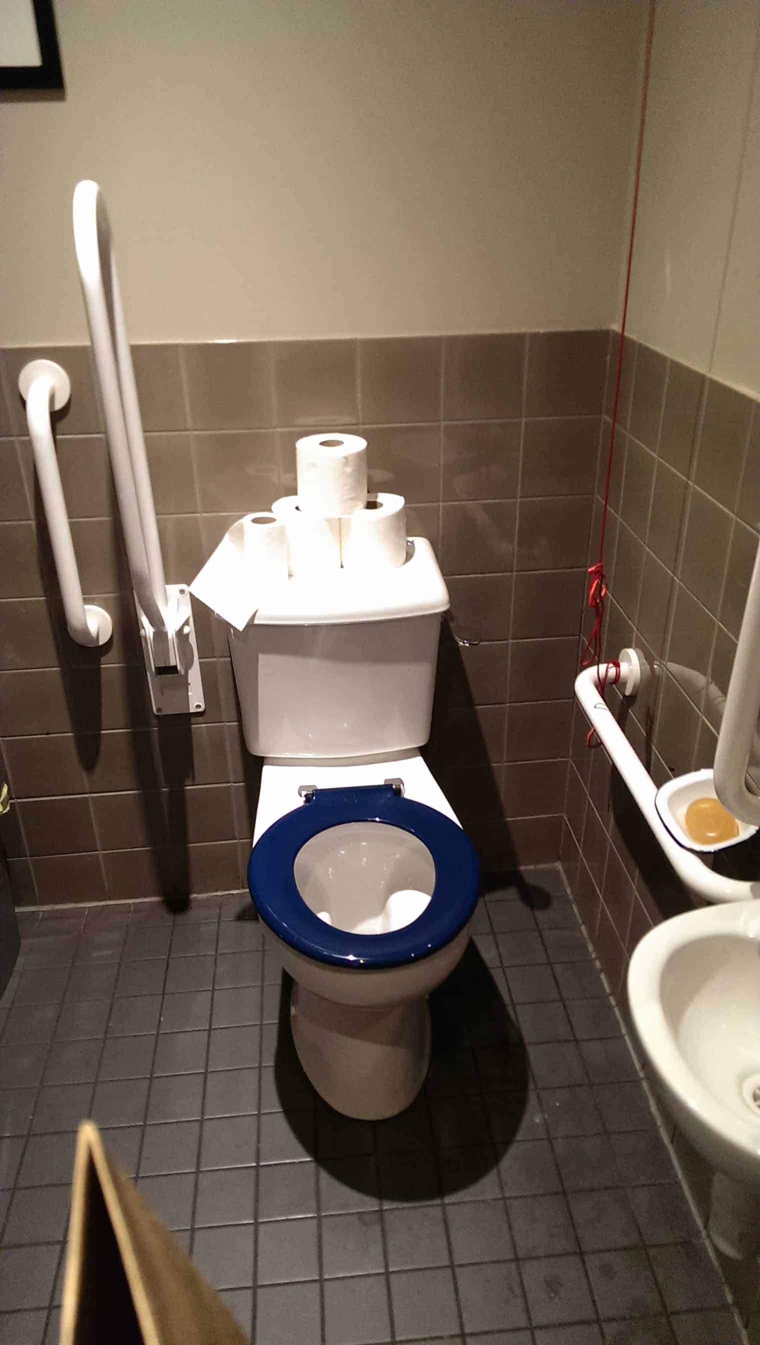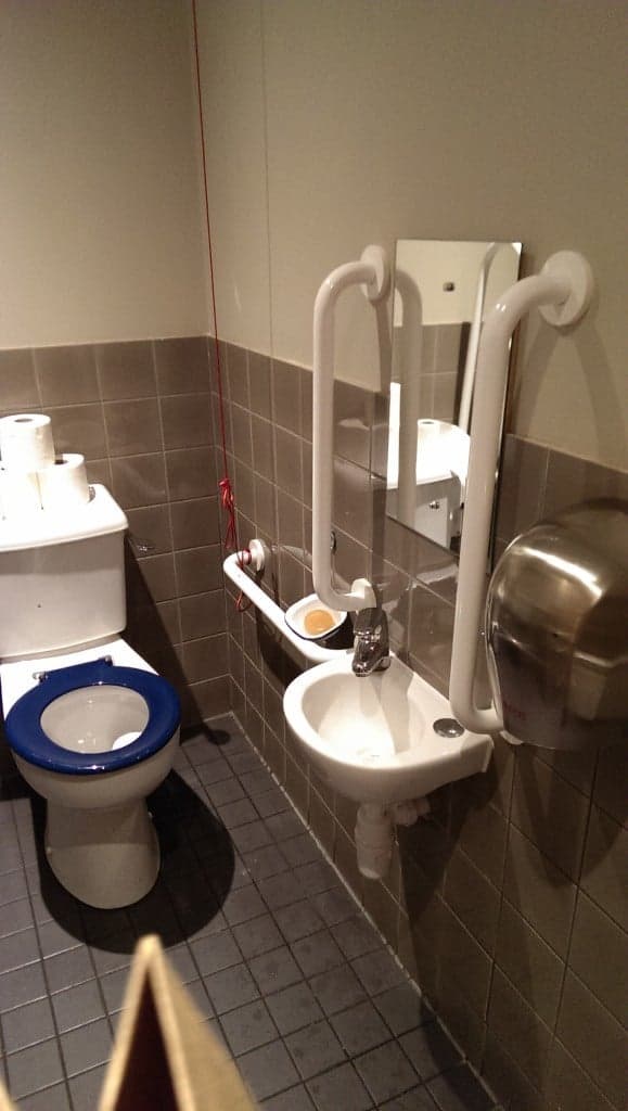 The disabled loo was “the usual” – just about big enough but not when you store “other items” in it (Pint Shop please note). The support bars either side of the loo were in the “up” position but why are they so difficult to pull down. The red alarm cord tied up so it did not reach the floor (who trains the cleaners?). Not sure what the bars either side of the mirror are supposed to do.
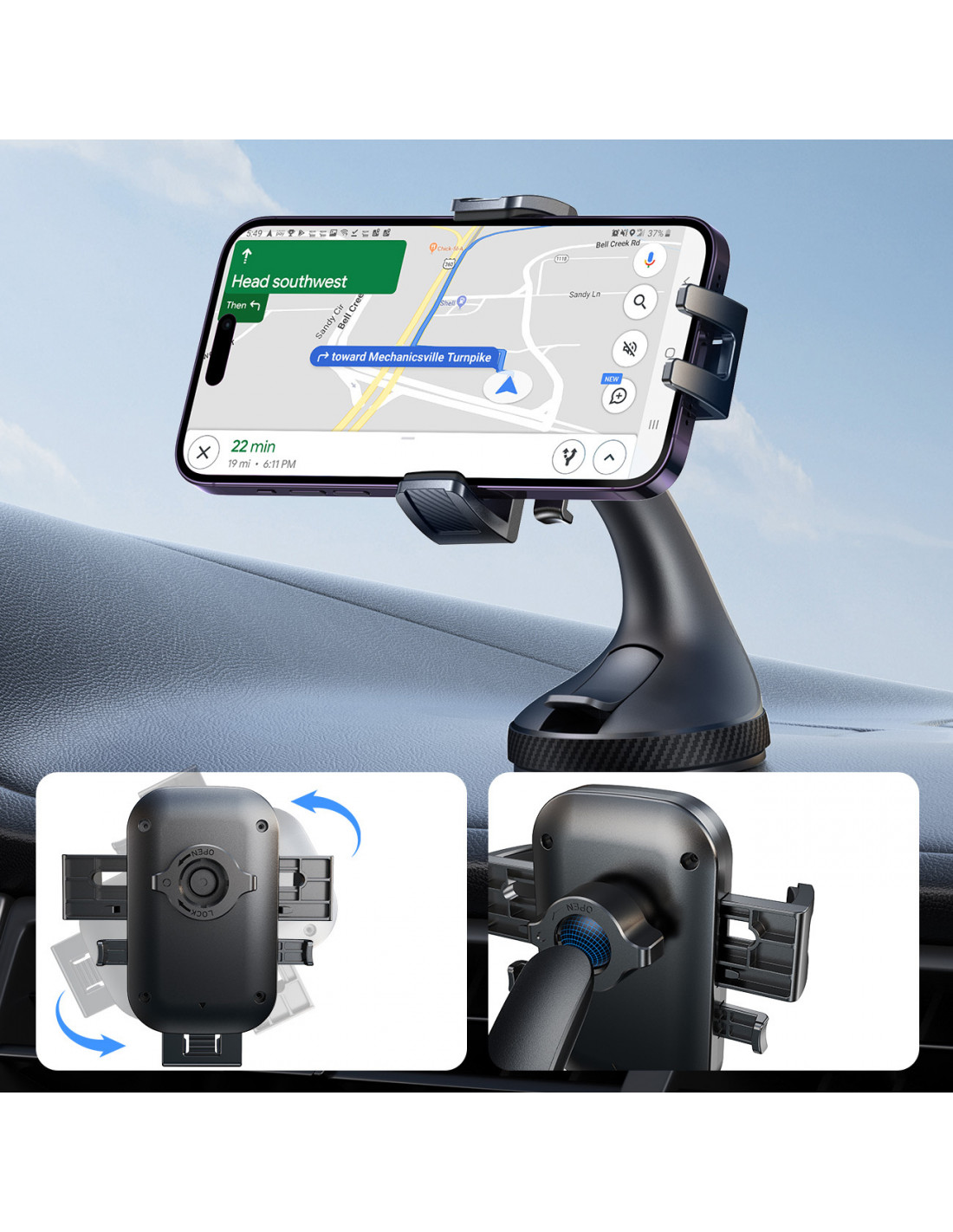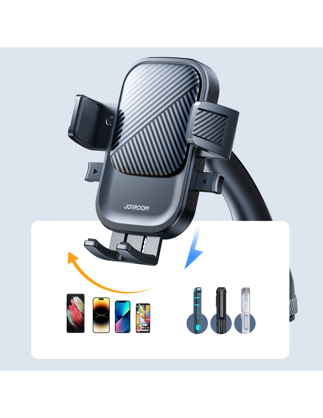 Patogus valdymas viena ranka yra raktas į saugų vairavimą. „Joyroom JR-OK6“ laikiklis leidžia greitai ir lengvai užrakinti bei atlaisvinti telefoną, kad galėtumėte sutelkti dėmesį į kelią.
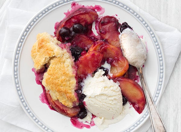- Preheat oven to 375°F. Peel peaches, if desired, and remove pits; cut peaches into ¾-inch-thick wedges (about 6 cups). Place in large bowl: peaches, blueberries, ⅓ cup sugar, cornstarch, brown sugar, lemon juice, and ⅛ teaspoon salt; stir to combine. Transfer mixture to deep, oven-safe 12-inch skillet (or baking dish).
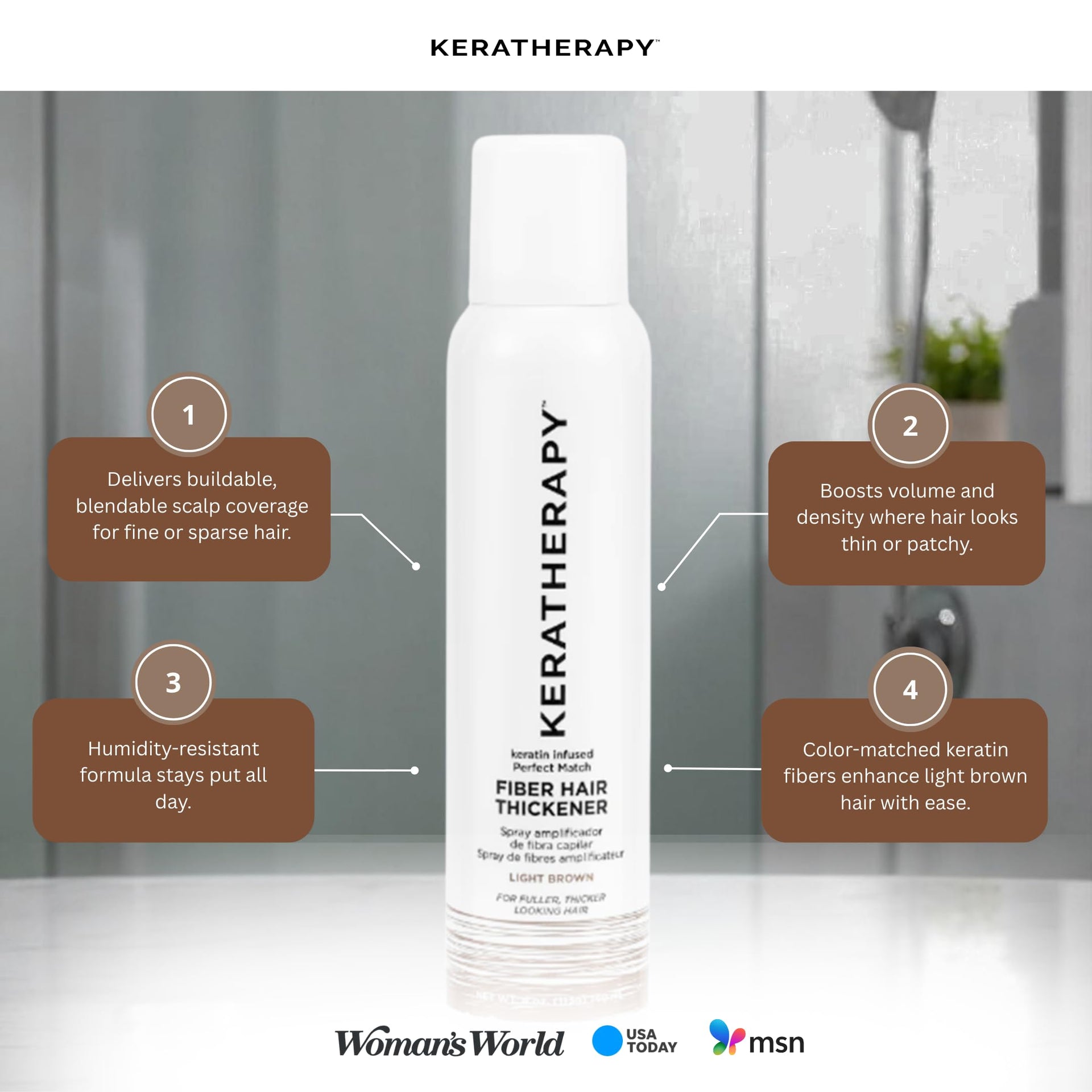 Keratherapy Keratin Infused Perfect Match Fiber Hair Thickener Spray, Light Brown, 4 fl oz – Volumizing, Concealing & Thickening Spray for Thinning Hair
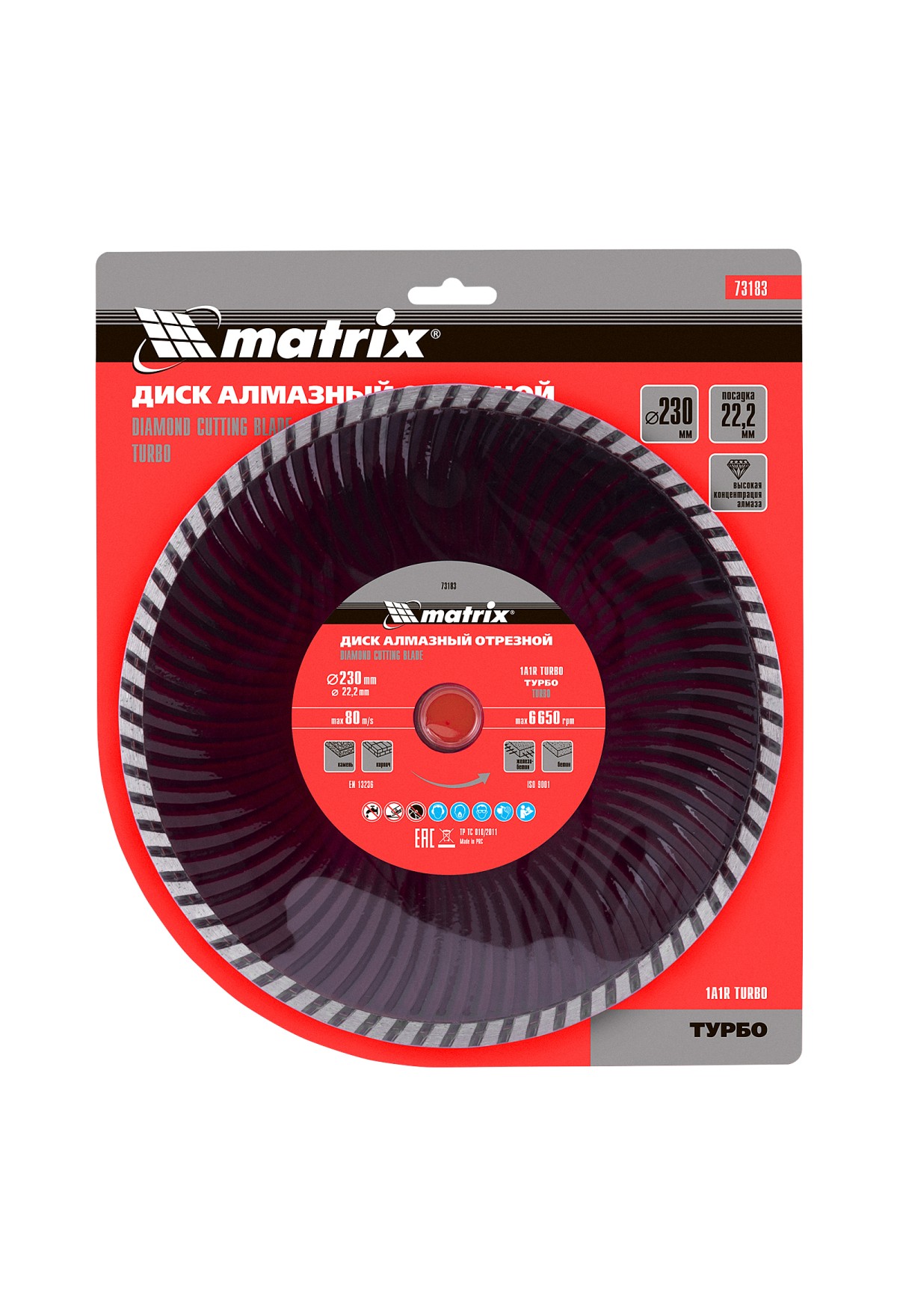 Отрезной алмазный диск Matrix Turbo 73183 диаметром 230 х 22,2 мм, предназначен для сухой резки. Используется в качестве сменной оснасткой для углошлифовальных машин (УШМ) во время ремонта и мелкого строительства, а также в быту. Позволяет работать по бетону, в том числе свежему и среднеармированному, камню и кирпичу.
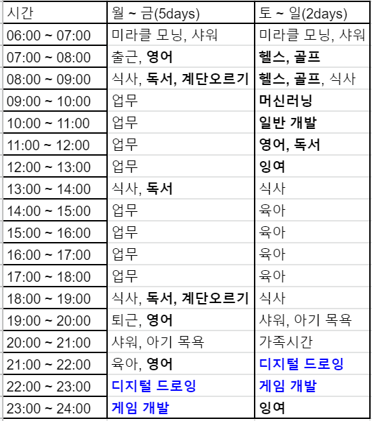 6. 글쓰기 : 틈틈이(각 항목에서 쪼개 씀) : 평일 + 휴일(9분 x 7일) = 1시간

**WHAT IS EXPECTED**
Copy exactly, with no pictures, the lines from the line containing "Отрезной алмазный диск" through the last line of the records above.

**ANSWER TO THIS PROBLEM**
 Отрезной алмазный диск Matrix Turbo 73183 диаметром 230 х 22,2 мм, предназначен для сухой резки. Используется в качестве сменной оснасткой для углошлифовальных машин (УШМ) во время ремонта и мелкого строительства, а также в быту. Позволяет работать по бетону, в том числе свежему и среднеармированному, камню и кирпичу.
 6. 글쓰기 : 틈틈이(각 항목에서 쪼개 씀) : 평일 + 휴일(9분 x 7일) = 1시간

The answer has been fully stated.